Beginning with the line that holds "Une fois équipé", copy each line through the end of the material below, exactly and with no pictures.

▶ _AVAILABLE DATA_
----------------------------------------
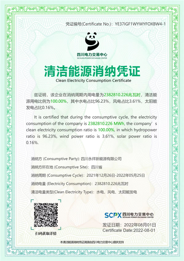 憑證用中英文說明:永祥新能源在2021年12月26日至2022年5月25日的消納周期內(nèi),用電量為2382810.226兆瓦時(shí),清潔能源用電比例為100.00%,其中水電占比96.23%,風(fēng)電占比3.61%,太陽能發(fā)電占比0.16%。
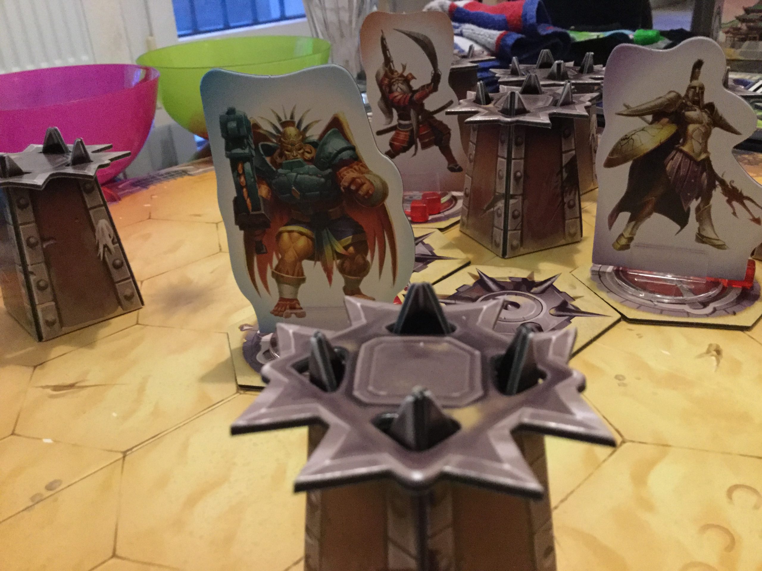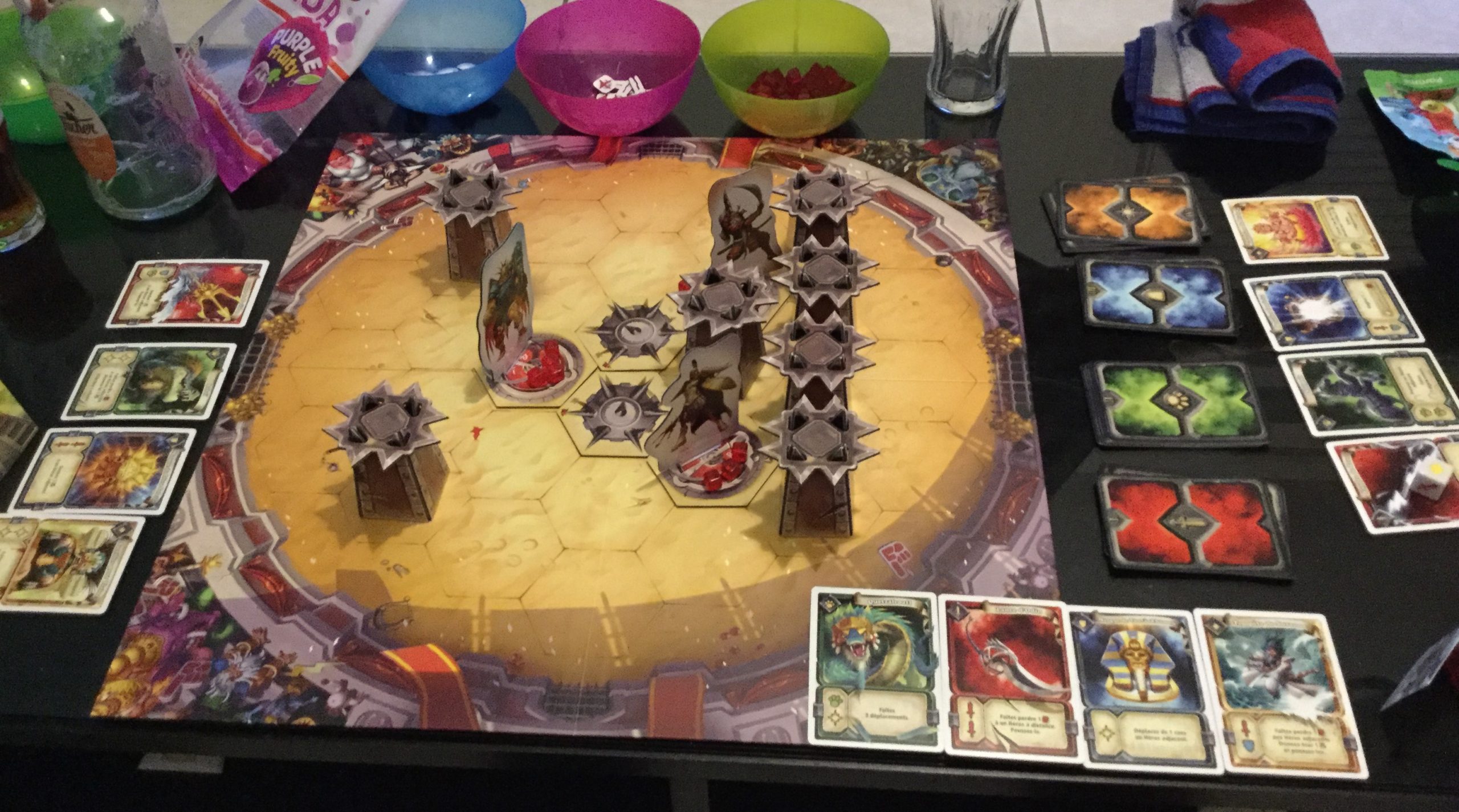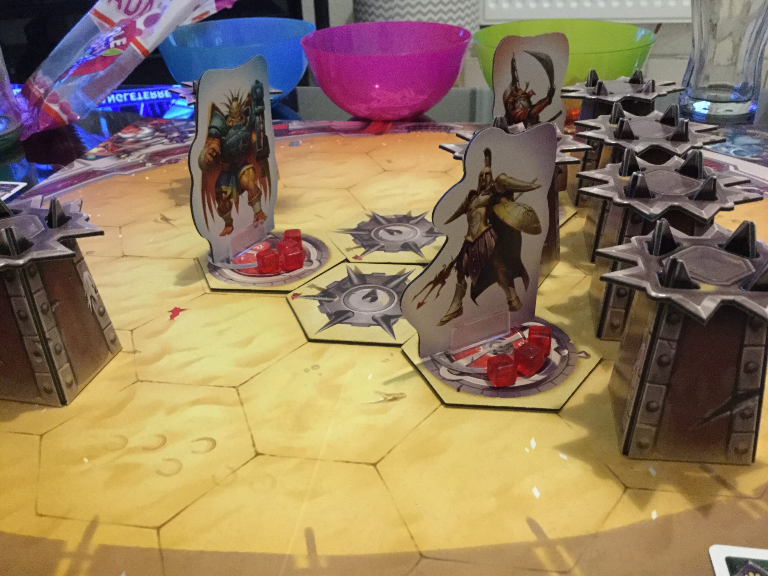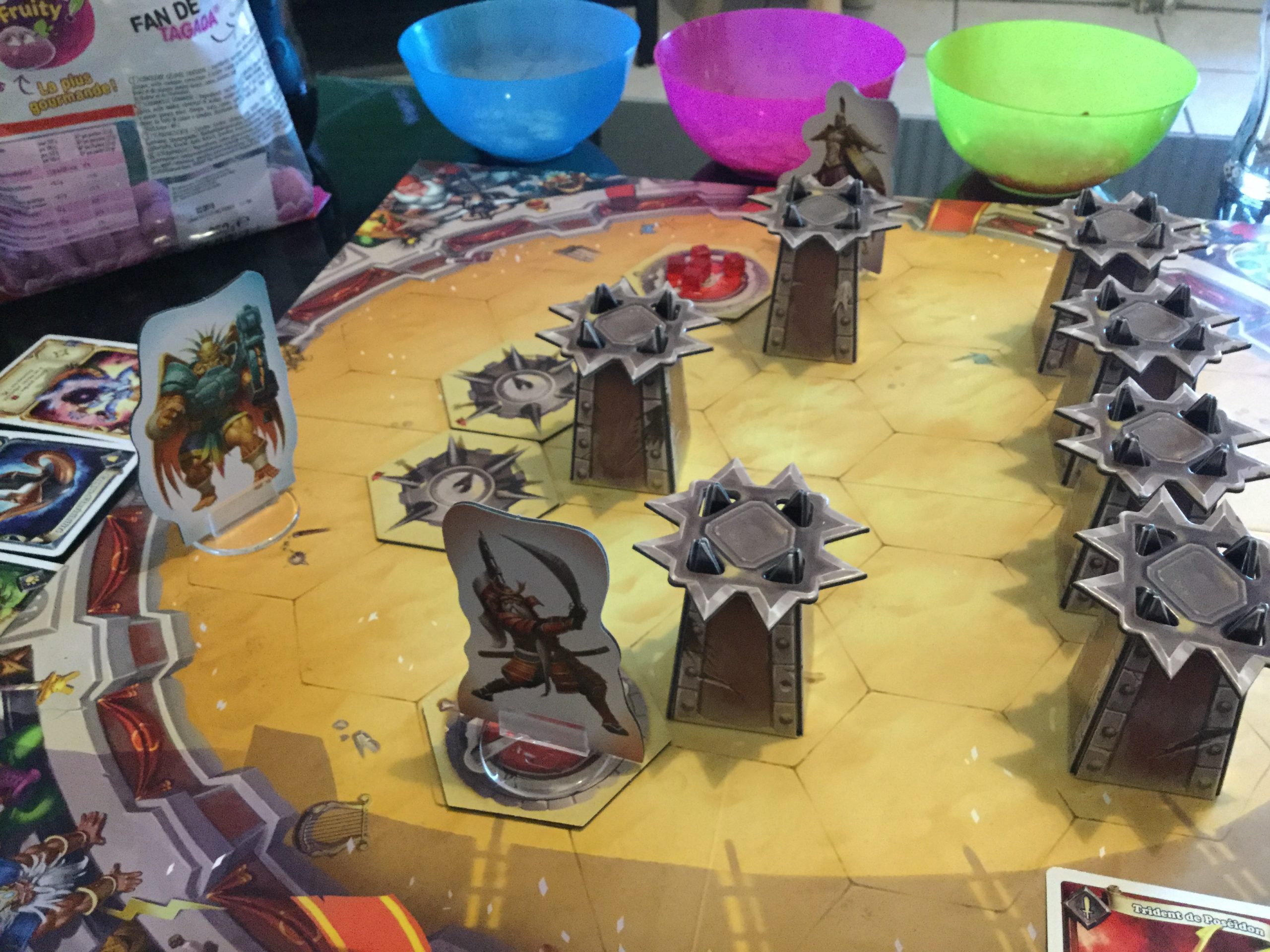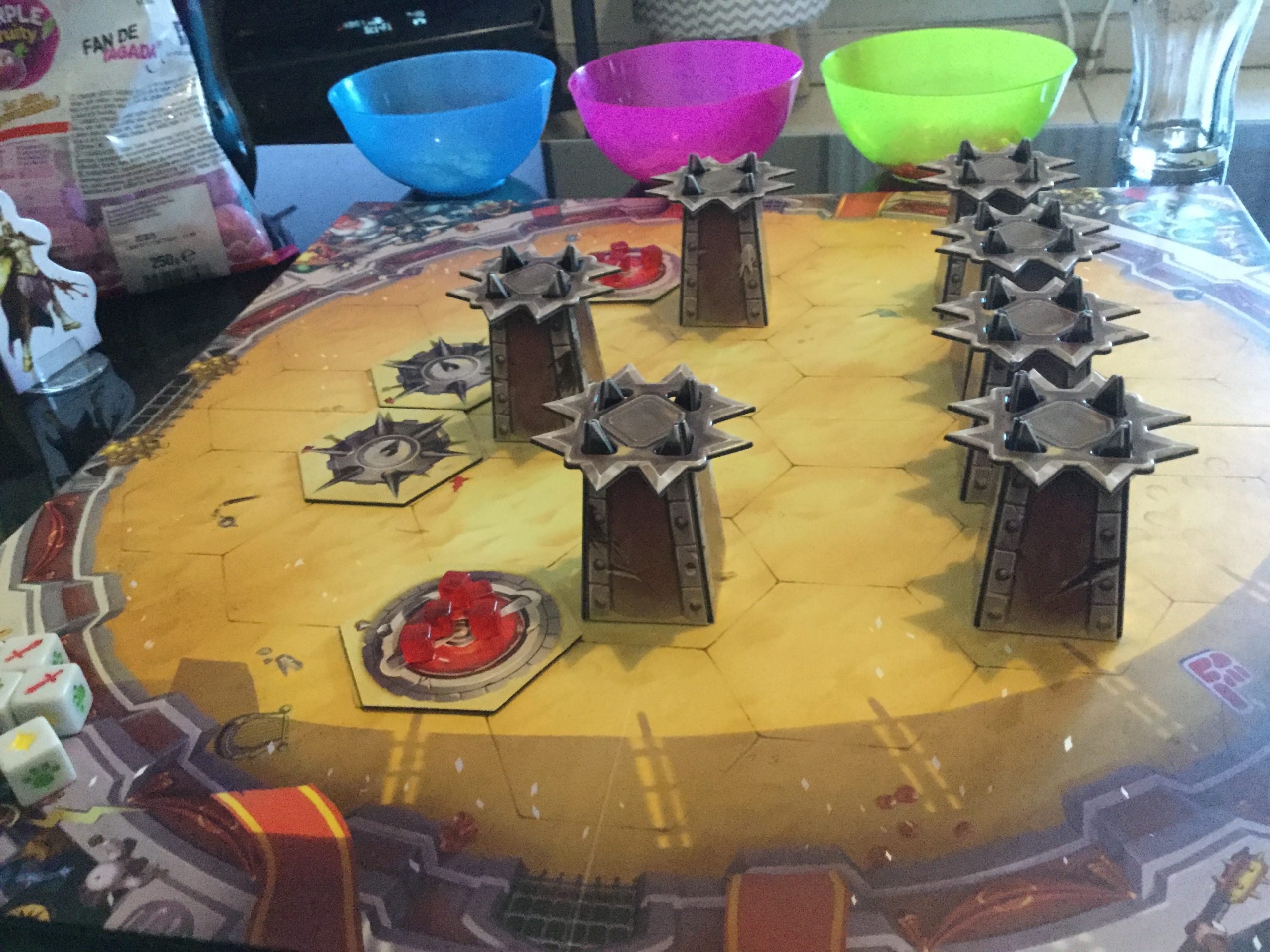 Une fois équipé vous pénétrez dans l’arène. L’arène est composé de cases et en fonction du nombre de joueurs et de la durée souhaitée de la partie, le livre de règles vous montre plusieurs dispositions des éléments dans l’arène. Il y a des fontaines de PV (qui vous redonne 1 PV quand vous allez dessus), des pièges (qui vous enlève 1PV) et des tours hérissés de piques (qui vous font mal quand l’adversaire vous propulse dessus…).
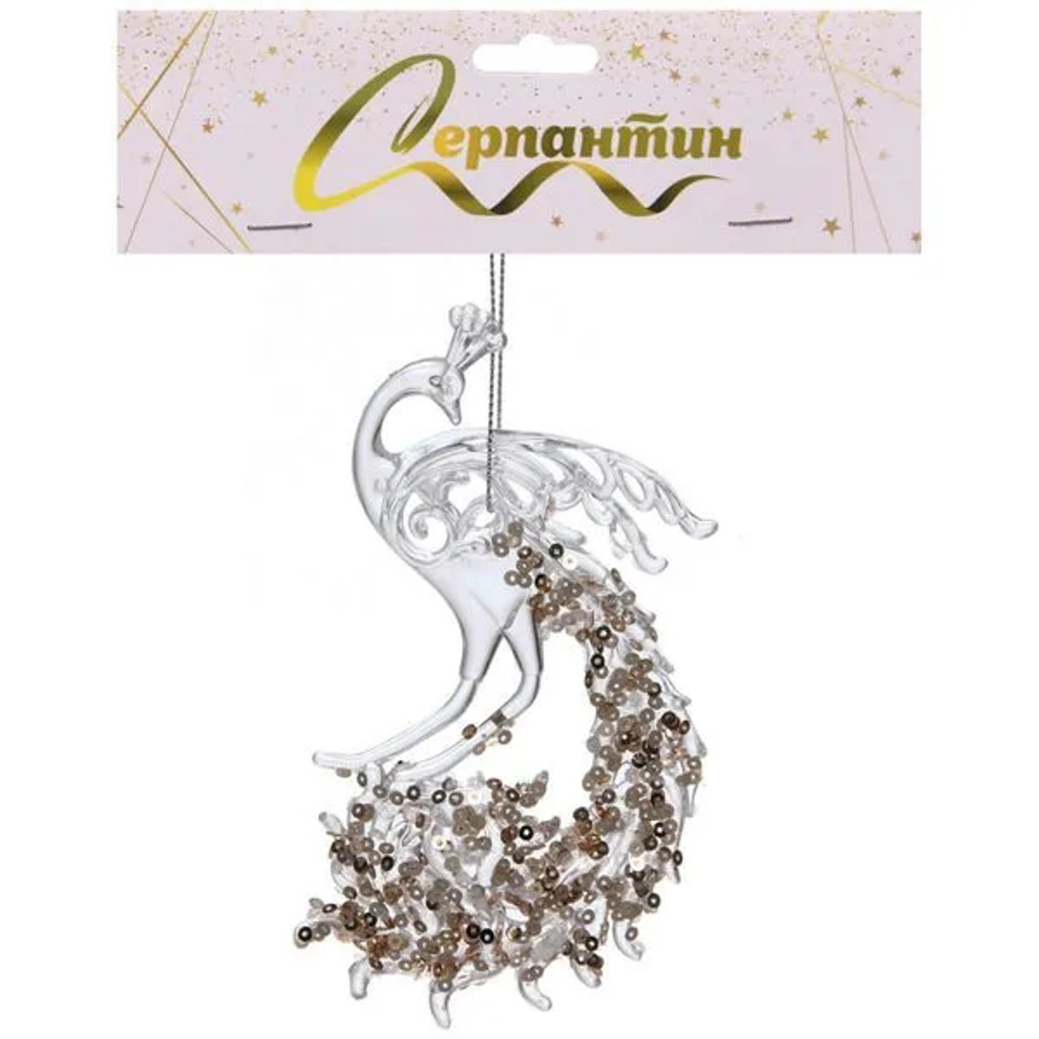 Подвеска "Павлиний хвост" 15*8 см, Белый/Золотой блеск
----------------------------------------
▶ _ANSWER TO THIS PROBLEM_
 Une fois équipé vous pénétrez dans l’arène. L’arène est composé de cases et en fonction du nombre de joueurs et de la durée souhaitée de la partie, le livre de règles vous montre plusieurs dispositions des éléments dans l’arène. Il y a des fontaines de PV (qui vous redonne 1 PV quand vous allez dessus), des pièges (qui vous enlève 1PV) et des tours hérissés de piques (qui vous font mal quand l’adversaire vous propulse dessus…).
 Подвеска "Павлиний хвост" 15*8 см, Белый/Золотой блеск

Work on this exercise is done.